Additionally, the session will also cover how to integrate with CI/CD pipelines and practices to foster better collaboration between Architect, Developers, QA engineers, and DevOps stakeholders through shared understanding and executable documentation.

To wrap up, we will discuss best practices for scaling API testing strategies across larger projects and teams, ensuring that resilience testing becomes a cornerstone of your API strategy rather than an afterthought.

This talk is designed for Architect, Tech Lead, Software developers, QA Engineers, and DevOps Engineers, who are keen on enhancing API resilience. Attendees will leave with actionable insights and tools to implement robust API testing strategies that can withstand the pressures of real-world usage. Join us to learn how you can transform your API testing approach and help build systems that last.

Transcript

This talk is about my experience of building really resilient APIs that work at really large scale. And so this is some of the background around how to make that happen in your own organization. I’m going to take a quick example here to just explain the architecture of an application. Let’s quickly recap something that all of you must be very familiar with.

The workings of a simple app – what could go wrong?

You have an app, the app makes a request to a backend for front end (BFF). This backend for front end may depend on one or more actual domain services. So it makes a request to the domain service, it gets a response back from the domain service, it does some business logic, and then it posts a message on a Kafka topic so that an analytic service could pick up and do its thing and then get back the response to the application? Like this is a very simple application, but there are a lot of things that actually can go wrong in this simple application. So I want you to think about from a resiliency point of view, let’s say I am thinking about this BFF layer over here. Let me quickly highlight that. So let’s say I have this BFF layer and I want to make sure that this BFF layer is very resilient. Subsequently, we will also make sure that this domain service is very resilient. And finally, we want to make sure that this Kafka guy is also very resilient. So these are all the pieces that technically could have some a fault or some a problem, and that could make the overall experience for the user who’s using the app, not so pleasant.

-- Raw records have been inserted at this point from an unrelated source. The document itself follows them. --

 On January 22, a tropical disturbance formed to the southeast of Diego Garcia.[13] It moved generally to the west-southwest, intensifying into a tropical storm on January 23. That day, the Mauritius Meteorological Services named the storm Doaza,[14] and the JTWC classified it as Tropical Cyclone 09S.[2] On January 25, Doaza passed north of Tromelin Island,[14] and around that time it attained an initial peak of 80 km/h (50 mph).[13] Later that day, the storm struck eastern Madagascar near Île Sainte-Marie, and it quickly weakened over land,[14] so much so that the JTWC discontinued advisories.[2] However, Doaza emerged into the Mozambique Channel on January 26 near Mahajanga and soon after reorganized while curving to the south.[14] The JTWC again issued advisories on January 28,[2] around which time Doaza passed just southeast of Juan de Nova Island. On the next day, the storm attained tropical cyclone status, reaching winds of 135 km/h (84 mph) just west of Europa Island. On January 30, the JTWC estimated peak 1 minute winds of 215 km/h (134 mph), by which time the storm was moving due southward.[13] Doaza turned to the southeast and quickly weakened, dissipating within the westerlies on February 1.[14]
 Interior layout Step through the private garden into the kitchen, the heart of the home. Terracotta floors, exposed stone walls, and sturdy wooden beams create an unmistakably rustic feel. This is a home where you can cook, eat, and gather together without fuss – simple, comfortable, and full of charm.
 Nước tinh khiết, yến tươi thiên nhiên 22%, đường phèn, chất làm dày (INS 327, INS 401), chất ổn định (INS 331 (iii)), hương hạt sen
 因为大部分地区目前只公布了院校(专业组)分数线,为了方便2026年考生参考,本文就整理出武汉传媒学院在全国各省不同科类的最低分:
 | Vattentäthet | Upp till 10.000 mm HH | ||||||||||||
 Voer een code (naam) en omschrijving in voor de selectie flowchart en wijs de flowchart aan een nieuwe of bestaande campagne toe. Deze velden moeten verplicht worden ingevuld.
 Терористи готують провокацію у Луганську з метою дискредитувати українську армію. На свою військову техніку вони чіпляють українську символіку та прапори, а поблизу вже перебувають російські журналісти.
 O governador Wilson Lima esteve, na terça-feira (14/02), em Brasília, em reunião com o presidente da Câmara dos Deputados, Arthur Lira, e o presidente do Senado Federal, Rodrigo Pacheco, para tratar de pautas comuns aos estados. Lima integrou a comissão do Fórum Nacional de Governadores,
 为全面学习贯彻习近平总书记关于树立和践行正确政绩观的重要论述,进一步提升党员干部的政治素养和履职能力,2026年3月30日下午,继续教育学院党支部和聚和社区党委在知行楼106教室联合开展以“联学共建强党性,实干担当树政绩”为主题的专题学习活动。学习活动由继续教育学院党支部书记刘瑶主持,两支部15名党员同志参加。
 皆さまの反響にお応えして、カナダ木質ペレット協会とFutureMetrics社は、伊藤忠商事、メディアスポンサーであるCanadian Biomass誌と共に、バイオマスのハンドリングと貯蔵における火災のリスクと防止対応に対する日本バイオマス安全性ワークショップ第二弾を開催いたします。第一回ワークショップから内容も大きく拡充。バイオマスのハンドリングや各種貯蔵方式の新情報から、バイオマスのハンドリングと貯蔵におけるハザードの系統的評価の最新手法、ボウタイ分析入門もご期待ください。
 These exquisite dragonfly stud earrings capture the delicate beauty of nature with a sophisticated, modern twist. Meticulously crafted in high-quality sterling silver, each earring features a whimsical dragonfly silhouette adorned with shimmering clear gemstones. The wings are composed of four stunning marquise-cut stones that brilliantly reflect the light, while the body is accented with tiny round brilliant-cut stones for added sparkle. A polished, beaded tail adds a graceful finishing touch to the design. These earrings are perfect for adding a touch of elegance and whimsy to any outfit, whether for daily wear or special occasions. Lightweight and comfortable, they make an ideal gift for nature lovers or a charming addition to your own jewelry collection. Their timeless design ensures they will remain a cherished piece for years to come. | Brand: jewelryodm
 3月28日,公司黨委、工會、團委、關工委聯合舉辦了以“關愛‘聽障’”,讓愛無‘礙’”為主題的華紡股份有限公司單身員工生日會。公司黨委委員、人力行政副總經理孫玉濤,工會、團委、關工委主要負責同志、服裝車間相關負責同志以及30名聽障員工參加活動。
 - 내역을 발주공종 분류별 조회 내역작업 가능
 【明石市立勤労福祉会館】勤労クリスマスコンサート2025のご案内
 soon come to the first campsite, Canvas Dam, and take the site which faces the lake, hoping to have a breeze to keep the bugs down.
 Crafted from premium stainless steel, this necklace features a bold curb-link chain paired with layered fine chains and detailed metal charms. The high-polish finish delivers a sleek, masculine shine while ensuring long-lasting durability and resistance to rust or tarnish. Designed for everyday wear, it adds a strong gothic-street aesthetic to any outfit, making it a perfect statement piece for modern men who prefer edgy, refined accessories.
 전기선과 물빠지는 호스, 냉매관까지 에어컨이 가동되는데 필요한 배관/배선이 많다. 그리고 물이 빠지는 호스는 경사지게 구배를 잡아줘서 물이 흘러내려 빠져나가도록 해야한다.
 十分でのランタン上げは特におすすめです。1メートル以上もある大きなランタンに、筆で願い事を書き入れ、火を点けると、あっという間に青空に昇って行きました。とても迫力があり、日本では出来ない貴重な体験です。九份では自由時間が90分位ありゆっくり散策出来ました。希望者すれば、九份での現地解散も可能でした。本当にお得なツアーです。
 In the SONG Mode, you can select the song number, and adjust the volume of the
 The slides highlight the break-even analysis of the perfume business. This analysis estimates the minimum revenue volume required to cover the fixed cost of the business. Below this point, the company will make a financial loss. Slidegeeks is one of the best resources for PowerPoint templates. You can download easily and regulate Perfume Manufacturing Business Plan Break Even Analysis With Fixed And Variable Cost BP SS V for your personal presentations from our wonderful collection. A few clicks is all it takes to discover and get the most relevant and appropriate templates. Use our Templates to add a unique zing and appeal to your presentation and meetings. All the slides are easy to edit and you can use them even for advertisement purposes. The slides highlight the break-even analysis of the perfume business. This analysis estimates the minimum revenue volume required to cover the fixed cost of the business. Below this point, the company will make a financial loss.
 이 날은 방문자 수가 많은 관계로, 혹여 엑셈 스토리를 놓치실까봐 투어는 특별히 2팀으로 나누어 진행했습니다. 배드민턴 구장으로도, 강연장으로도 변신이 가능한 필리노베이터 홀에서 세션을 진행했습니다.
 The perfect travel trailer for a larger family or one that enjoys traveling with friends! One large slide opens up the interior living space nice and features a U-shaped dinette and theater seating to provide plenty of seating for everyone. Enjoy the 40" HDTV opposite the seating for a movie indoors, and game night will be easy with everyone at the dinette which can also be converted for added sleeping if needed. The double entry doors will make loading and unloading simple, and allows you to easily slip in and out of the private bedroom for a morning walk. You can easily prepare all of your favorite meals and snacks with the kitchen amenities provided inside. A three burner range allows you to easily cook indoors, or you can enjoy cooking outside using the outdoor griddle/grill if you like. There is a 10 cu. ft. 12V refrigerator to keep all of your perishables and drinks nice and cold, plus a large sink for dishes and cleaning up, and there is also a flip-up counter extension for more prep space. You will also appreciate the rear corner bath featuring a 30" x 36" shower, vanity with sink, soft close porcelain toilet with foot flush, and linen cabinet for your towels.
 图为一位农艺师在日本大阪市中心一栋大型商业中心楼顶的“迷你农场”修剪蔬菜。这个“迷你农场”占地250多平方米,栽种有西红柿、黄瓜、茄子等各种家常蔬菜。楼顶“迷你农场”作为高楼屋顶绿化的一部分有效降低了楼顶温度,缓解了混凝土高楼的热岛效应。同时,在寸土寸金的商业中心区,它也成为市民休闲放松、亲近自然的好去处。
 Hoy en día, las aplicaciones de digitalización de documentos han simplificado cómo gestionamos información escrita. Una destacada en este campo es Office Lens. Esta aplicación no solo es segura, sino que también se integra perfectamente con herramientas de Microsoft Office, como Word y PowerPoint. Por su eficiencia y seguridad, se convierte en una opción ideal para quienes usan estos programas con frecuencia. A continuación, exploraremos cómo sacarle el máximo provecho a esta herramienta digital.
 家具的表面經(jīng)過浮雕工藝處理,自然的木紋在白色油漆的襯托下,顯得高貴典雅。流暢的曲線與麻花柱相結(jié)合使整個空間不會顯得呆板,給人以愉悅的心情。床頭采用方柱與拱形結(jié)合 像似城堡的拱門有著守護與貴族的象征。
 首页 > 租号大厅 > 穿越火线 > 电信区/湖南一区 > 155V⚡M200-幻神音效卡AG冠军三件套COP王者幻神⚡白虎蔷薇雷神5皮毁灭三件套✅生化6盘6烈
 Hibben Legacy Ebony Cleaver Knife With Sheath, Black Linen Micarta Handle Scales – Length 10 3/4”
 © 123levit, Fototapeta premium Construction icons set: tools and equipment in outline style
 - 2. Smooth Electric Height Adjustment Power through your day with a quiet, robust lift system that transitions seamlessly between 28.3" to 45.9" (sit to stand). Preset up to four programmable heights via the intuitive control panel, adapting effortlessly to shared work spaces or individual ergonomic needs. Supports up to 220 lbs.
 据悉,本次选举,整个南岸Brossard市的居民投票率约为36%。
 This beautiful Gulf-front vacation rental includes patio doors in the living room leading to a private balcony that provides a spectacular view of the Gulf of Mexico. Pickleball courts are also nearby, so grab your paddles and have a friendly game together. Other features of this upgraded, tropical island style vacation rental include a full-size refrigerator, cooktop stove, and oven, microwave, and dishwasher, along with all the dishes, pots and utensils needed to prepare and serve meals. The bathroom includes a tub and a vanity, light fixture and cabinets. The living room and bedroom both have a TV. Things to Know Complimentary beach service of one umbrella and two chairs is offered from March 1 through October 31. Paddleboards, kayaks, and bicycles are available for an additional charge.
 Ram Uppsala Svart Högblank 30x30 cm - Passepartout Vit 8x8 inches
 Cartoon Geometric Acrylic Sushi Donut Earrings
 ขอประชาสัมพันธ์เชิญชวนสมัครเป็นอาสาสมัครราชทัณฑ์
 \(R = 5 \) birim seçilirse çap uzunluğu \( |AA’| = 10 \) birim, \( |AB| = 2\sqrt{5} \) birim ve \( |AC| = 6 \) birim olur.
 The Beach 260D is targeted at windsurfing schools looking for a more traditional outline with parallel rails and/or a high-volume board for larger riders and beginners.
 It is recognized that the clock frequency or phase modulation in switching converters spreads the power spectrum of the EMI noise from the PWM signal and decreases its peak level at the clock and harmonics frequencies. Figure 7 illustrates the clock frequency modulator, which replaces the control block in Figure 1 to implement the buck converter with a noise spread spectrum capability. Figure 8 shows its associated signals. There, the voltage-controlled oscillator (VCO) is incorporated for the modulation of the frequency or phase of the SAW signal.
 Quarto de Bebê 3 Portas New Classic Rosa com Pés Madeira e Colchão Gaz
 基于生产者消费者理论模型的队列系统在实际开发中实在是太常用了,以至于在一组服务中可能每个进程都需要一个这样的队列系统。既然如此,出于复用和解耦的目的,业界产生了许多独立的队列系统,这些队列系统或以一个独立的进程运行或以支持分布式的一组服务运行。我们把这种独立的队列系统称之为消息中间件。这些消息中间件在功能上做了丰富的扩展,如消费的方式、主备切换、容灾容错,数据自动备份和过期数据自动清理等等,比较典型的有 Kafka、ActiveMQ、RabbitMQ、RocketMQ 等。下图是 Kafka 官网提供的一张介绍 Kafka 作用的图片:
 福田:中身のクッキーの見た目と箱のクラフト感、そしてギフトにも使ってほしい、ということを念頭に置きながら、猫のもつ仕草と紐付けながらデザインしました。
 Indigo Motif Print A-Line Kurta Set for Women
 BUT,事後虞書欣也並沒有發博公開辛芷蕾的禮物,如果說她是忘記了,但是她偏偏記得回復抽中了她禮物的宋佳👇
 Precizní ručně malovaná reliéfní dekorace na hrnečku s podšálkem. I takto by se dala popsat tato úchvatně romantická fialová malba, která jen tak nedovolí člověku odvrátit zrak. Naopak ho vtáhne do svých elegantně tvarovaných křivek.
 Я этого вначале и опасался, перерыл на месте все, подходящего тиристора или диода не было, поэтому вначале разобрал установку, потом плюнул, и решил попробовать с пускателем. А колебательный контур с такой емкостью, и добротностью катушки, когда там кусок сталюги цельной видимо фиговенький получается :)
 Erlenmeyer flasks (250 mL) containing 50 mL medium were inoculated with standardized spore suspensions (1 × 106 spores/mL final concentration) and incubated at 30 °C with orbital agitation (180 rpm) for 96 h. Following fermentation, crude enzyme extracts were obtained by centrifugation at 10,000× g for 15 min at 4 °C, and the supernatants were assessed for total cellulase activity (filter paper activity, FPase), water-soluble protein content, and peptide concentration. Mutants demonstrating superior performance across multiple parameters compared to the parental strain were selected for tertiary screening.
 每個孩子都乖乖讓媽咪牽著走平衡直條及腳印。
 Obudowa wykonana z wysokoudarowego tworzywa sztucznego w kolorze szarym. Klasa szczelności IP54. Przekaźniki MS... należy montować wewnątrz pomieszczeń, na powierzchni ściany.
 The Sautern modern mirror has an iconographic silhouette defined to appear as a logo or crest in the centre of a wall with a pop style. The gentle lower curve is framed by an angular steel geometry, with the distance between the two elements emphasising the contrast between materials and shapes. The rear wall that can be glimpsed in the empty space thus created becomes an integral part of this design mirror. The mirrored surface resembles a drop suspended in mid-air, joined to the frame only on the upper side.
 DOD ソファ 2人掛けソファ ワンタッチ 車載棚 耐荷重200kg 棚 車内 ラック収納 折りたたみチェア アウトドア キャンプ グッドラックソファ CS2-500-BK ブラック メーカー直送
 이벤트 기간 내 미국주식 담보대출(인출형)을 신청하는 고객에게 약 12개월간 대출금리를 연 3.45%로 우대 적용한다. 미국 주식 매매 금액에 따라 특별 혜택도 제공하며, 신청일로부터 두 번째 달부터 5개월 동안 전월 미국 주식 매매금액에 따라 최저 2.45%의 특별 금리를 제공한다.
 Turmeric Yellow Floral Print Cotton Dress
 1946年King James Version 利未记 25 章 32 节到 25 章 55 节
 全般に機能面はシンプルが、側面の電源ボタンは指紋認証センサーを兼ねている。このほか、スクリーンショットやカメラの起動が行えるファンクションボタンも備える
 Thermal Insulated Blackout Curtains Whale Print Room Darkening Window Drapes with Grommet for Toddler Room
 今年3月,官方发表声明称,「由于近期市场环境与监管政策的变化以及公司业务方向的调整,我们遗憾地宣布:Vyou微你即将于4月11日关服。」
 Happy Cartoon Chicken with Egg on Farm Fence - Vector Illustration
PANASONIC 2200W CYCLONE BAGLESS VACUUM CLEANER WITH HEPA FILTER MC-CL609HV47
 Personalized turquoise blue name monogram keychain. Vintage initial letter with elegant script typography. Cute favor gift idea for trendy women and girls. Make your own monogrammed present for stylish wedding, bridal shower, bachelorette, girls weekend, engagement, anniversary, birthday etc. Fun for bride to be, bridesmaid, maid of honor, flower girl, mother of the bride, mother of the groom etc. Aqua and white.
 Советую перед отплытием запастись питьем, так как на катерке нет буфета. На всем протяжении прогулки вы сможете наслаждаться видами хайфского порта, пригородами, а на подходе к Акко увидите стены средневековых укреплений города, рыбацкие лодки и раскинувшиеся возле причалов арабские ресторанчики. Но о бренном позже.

So our job here as quality engineers, is to make sure that the experience here on the app is seamless, which means these various moving parts that we depend on are actually very resilient. What are the kinds of things that can actually go wrong? Of course, here, I’m just highlighting that these have OpenAPI specifications and AsyncAPI specifications as well. But what are the kinds of things, from a resiliency point of view, that you think can go wrong in this case? Network latency between these services could cause a problem.

There are many servers here, and any one of them could go down. And we don’t really seem to have a redundancy in place, at least in this simplistic diagram that I’ve shown you. So that’s certainly a good possibility. The response time and network latency, both of those could be certainly an issue. Kafka could choke the topics on Kafka. We could overwhelm Kafka, and it may not be able to process, and then that might get choked with too many requests at a time. You could have a runaway success, and your app could be downloaded by millions of people and they all try and hit this thing, and then there might be too many requests. There could be the disk usage, when you’re trying to write logs or database or things like that, you may have disk issues. I mean, there are several such problems that can occur, that can cause problems from a resiliency point of view, for your services.

Resiliency Testing for your application

So what kinds of testing would you now perform to make sure that your application is actually resilient? We talked about the kinds of problems that can occur, but now what testing would you do to ensure that your service is resilient? I see chaos testing. I see load testing. Very good. What else do you anticipate? If only Kafka is down, then how do we resolve it? But what kinds of testing would you do? Contract testing. Chaos and resiliency testing. Load testing. So here’s my opinion, not an exhaustive list, but a more pragmatic list that you would use on a day-to-day basis when you’re testing resiliency of your services.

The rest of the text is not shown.